Decorate house: This can involve several tasks like putting up holly boughs, candles and outdoor lights. Anything that involves ladders and heights? Forget it! I’m not risking my neck or electrocution! Then there’s the tree. After the effort of dragging it in, who’s going to dress it? I listened with envy as the spider-screeching mum described how her family would decorate the tree together. Could my cynical gang do the same? No chance. I nagged 15 year-old son to help carry our plastic specimen from the shed to the living room. It stood in its box for 2 weeks before I did the job myself in a panic, 4 days counting to Christmas.
Clean house: It’s all very well putting up tinsel and a tree but pointless if the place looks an unholy mess. This is where Santa’s dust-busting elves would be handy but alas, I’m home alone when it comes to cleaning. Where are those teenagers when I need them?
Music: Driving home for Christmas (dropping 15 year-old back from school) I’ve the radio on. “Do we have to listen to that crap?” he moans reaching for the dial. “Don’t be a Grinch,” I swat his hand away, “That’s David Essex, the Harry Styles of my youth.” “Uugh, I’m listening to my phone,” he moans, plugging in earphones to kill any chance of mother/son conversation.

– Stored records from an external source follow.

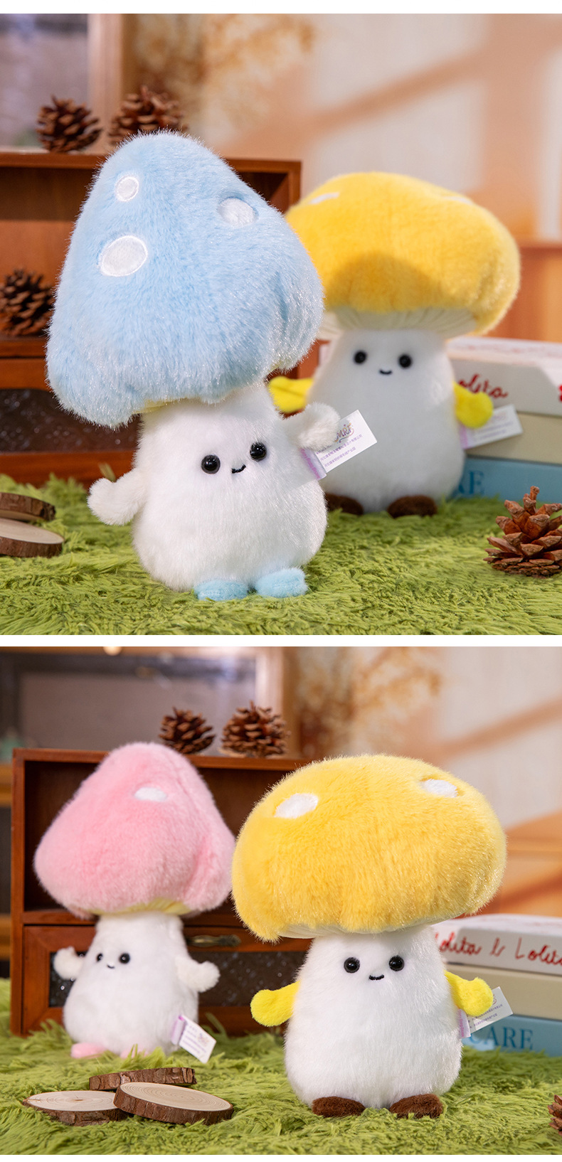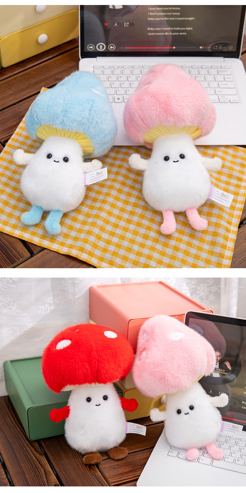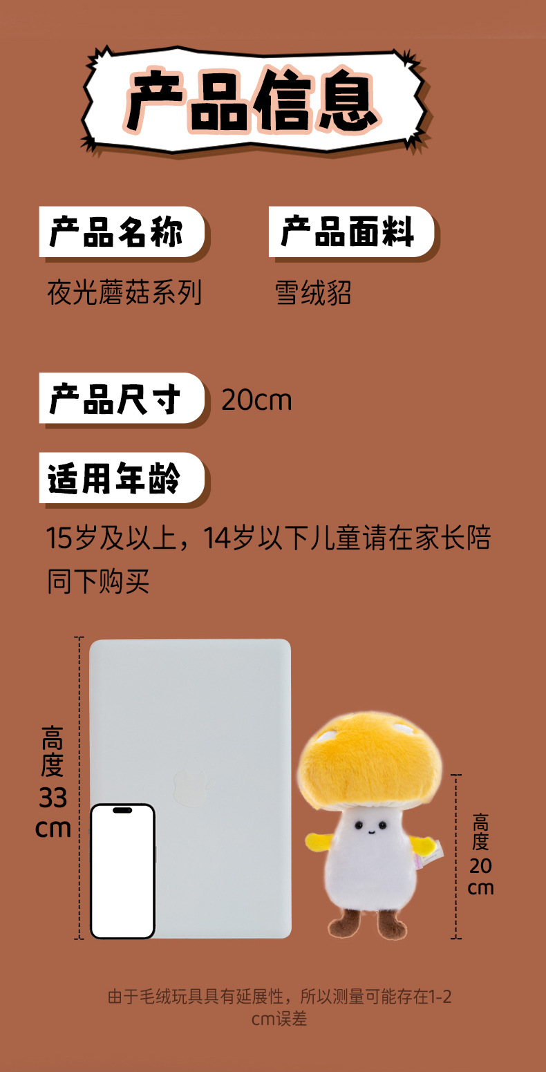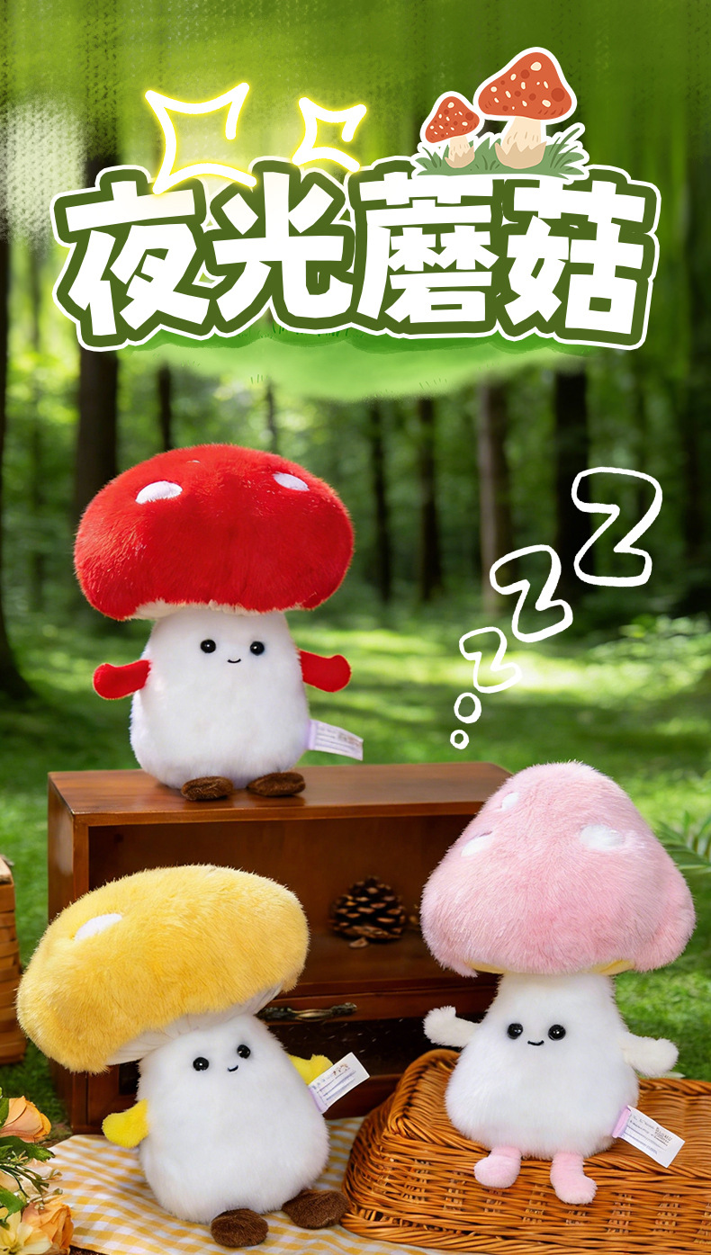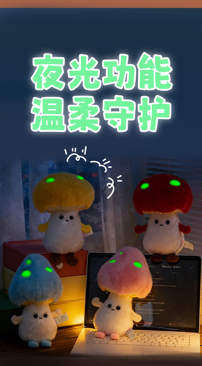 创意夜光蘑菇毛绒玩具儿童安抚玩偶学习搭子办公桌摆娃娃跨境批发
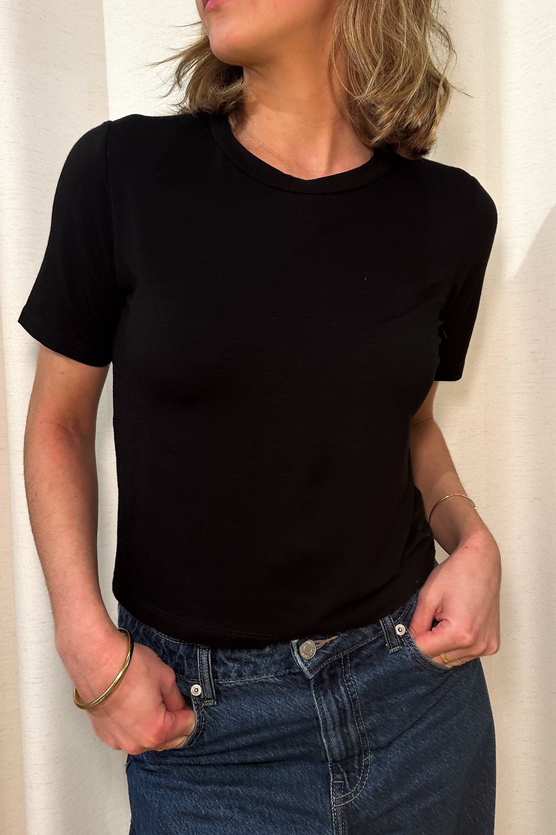 The cut: This essential T-shirt with its slim fit and perfect stretch offers optimal comfort. It hits at the navel and features a crew neck.
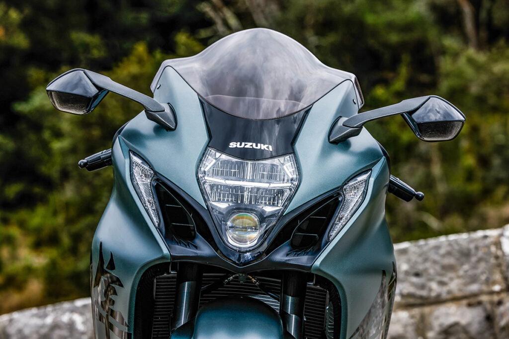 El estilo de la carrocería transmite intencionalmente una imagen moderna de rendimiento avanzado y características efectivas, al tiempo que hereda fielmente la silueta cortavientos y el aspecto general por los que es famosa la Hayabusa.
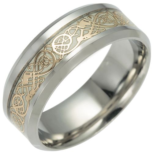 COI Titanium Black/Gold Tone/Silver Dragon Luminous Beveled Edges Ring.  Comfort fit with inside round shank.  A 100% tailor-made ring for you.  Classic with delicated details, unsurpassed quality plus incredible value!   Perfect as a wedding band, engagement ring or just for everyday wear due to its extreme comfort!
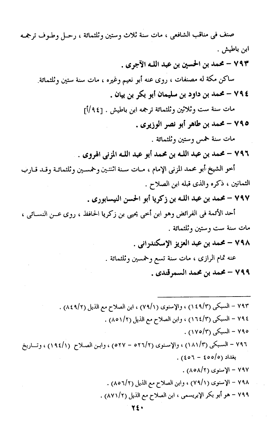 793 - السبكى (3/ 149)، والإسنوى (1/ 79)، ابن الصلاح مع الذيل (2/ 849).

Food: We can get totally stressed about producing the perfect, cake, pudding and dinner on the day, but as another pal reminds her ‘foodie’ loving brother, who’s an invited guest, “It’s not about the food but all about the fun.” “Sounds better already,” he agreed.

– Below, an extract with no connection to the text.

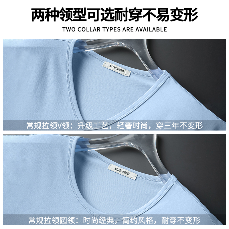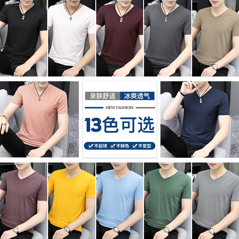 2 pieces) Modale men's short sleeve T-shirt V collar pure color grey trend with ice silk half sleeves tight fit

Panto: My friend’s husband bought panto tickets. “Oh no you didn’t!” she yelled, “Oh yes I did!” he shouted back. The kids started roaring too. “Hah! Our fiendish plan to have them join in and practise worked a treat – should be a great night.”
Presents: Why do we suffer so much pressure to find the perfect present? An organised lady advised me about surprise and anticipation. With planning, you can drip-feed hints beforehand. For example, if it’s concert tickets for some big gig next year you could leave a magazine article about the star casually lying on the kitchen counter, the following week give a cd of favourite hits or e-mail info about the hotel for the overnight stay, the idea being that the seeds are sown – they will really LOVE receiving those tickets and enjoy looking forward to the event. “Brilliant,” I thought, but so much work! Let me order online or buy something quickly and be done with it.
Surprise: With three teenagers shouldn’t Christmas shopping be easier? No way. Items of interest are either extortionately expensive or computer game-related. And I’ve been playing a losing battle trying to wean the boys off PlayStation. I’ve asked outright “What do you want? I’d rather spend the money on something you will definitely wear/like.” “Yeah, but that’s no fun,” daughter argued, “It’s nice to get a surprise.” Uuugh, parents can’t win. For the past week I’ve been frantically searching the internet for appropriate gifts and praying that Amazon won’t let me down. The words ‘May not arrive before Christmas’ or ‘Sorry, this seller doesn’t deliver to Ireland’ send my blood pressure soaring. Life was so much easier when they wrote their letters and Santa took care of it all!
Deep breath – the final countdown – it will all come together. Regardless of the state of the house, the tree or whatever’s wrapped underneath, it’s the bringing together of family for Christmas that counts.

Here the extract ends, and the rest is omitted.